Yang Yi, Madanian Samaneh, Parry David
Auckland University of Technology, Auckland, New Zealand.
Murdoch University, Perth, Australia.
JMIR Med Inform. 2024 Jan 12;12:e48273. doi: 10.2196/48273.
The phenomenon of patients missing booked appointments without canceling them-known as Did Not Show (DNS), Did Not Attend (DNA), or Failed To Attend (FTA)-has a detrimental effect on patients' health and results in massive health care resource wastage.
Our objective was to develop machine learning (ML) models and evaluate their performance in predicting the likelihood of DNS for hospital outpatient appointments at the MidCentral District Health Board (MDHB) in New Zealand.

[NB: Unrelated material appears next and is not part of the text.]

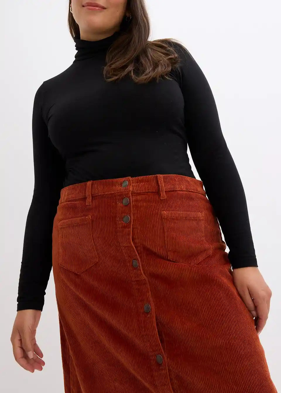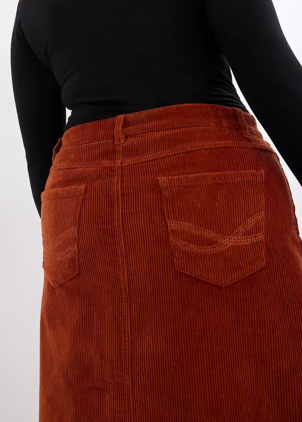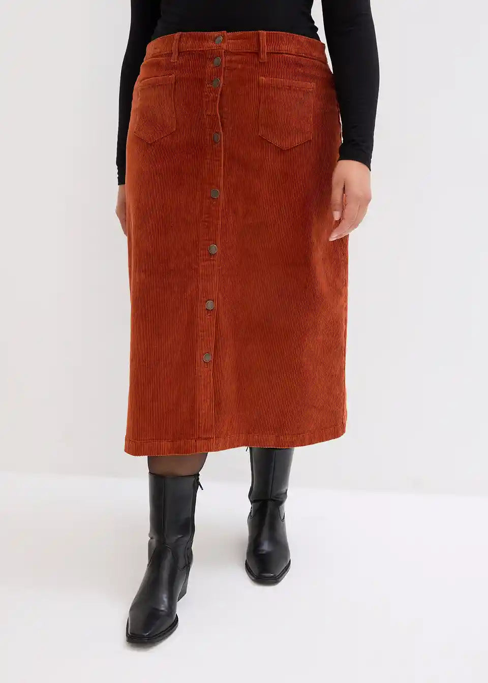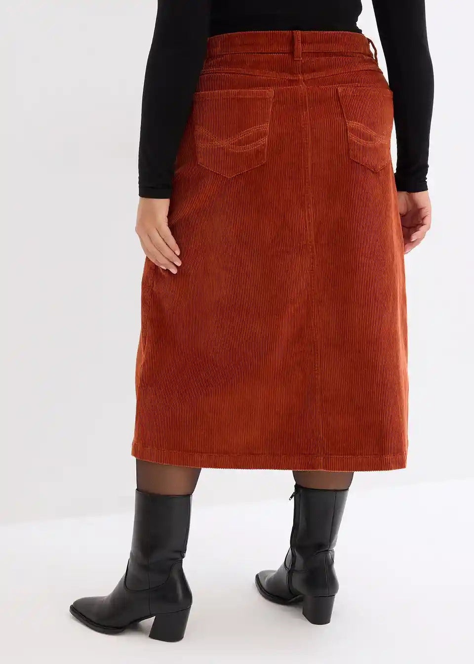 Stretch suknja od samta s kopčanjem na gumbe u midi dužini

We sourced 5 years of MDHB outpatient records (a total of 1,080,566 outpatient visits) to build the ML prediction models. We developed 3 ML models using logistic regression, random forest, and Extreme Gradient Boosting (XGBoost). Subsequently, 10-fold cross-validation and hyperparameter tuning were deployed to minimize model bias and boost the algorithms' prediction strength. All models were evaluated against accuracy, sensitivity, specificity, and area under the receiver operating characteristic (AUROC) curve metrics.
Based on 5 years of MDHB data, the best prediction classifier was XGBoost, with an area under the curve (AUC) of 0.92, sensitivity of 0.83, and specificity of 0.85. The patients' DNS history, age, ethnicity, and appointment lead time significantly contributed to DNS prediction. An ML system trained on a large data set can produce useful levels of DNS prediction.

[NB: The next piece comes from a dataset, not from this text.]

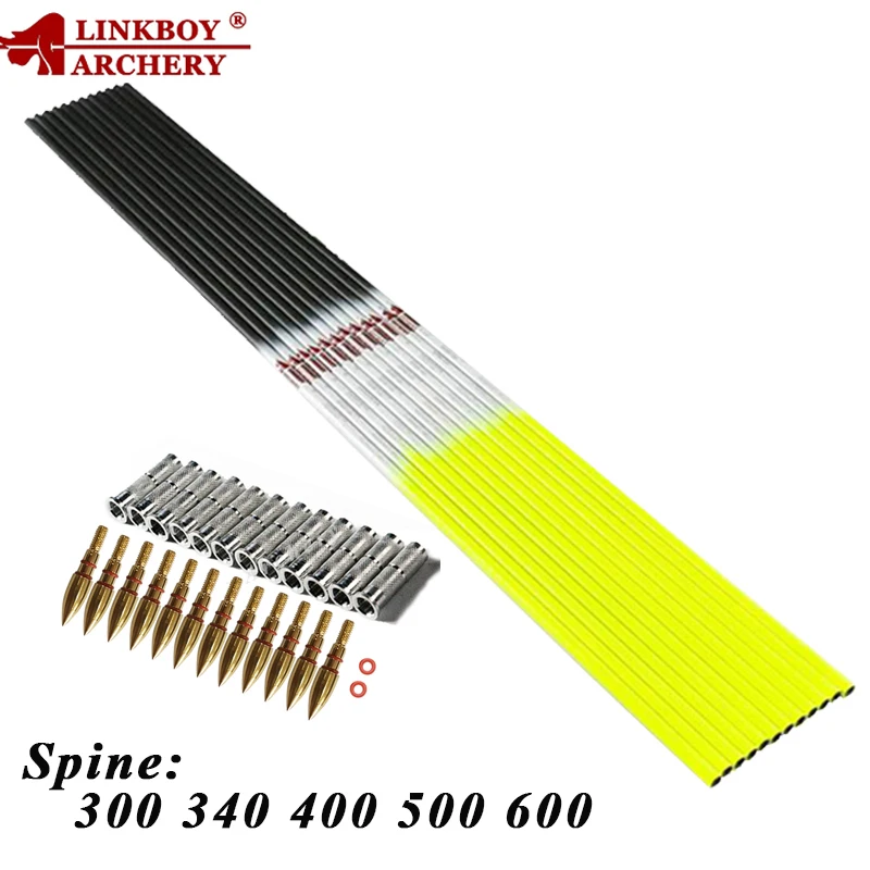 Стрелы для стрельбы из лука Linkboy, вал диаметром 6,2 мм, желтая рукоятка, 12 алюминиевых вставок и 100 г наконечников для блочного Лука, охоты

This research is one of the very first published studies that use ML technologies to assist with DNS management in New Zealand. It is a proof of concept and could be used to benchmark DNS predictions for the MDHB and other district health boards. We encourage conducting additional qualitative research to investigate the root cause of DNS issues and potential solutions. Addressing DNS using better strategies potentially can result in better utilization of health care resources and improve health equity.
患者未取消已预约的就诊,即爽约现象(又称未到诊、未就诊或未出席),对患者健康有不利影响,并导致大量医疗资源浪费。
我们的目的是开发机器学习(ML)模型,并评估其在预测新西兰中中央地区卫生委员会(MDHB)医院门诊预约爽约可能性方面的性能。
我们获取了5年的MDHB门诊记录(共1,080,566次门诊就诊)来构建ML预测模型。我们使用逻辑回归、随机森林和极端梯度提升(XGBoost)开发了3种ML模型。随后,采用10折交叉验证和超参数调整来最小化模型偏差并增强算法的预测能力。所有模型均根据准确率、灵敏度、特异性和受试者工作特征曲线下面积(AUROC)指标进行评估。
基于5年的MDHB数据,最佳预测分类器是XGBoost,曲线下面积(AUC)为0.92,灵敏度为0.83,特异性为0.85。患者的爽约历史、年龄、种族和预约提前期对爽约预测有显著贡献。在大数据集上训练的ML系统可以产生有用的爽约预测水平。
本研究是新西兰最早发表的使用ML技术辅助爽约管理的研究之一。这是一个概念验证,可用于为MDHB和其他地区卫生委员会的爽约预测设定基准。我们鼓励开展更多定性研究,以调查爽约问题的根本原因和潜在解决方案。采用更好的策略解决爽约问题可能会提高医疗资源的利用率并改善健康公平性。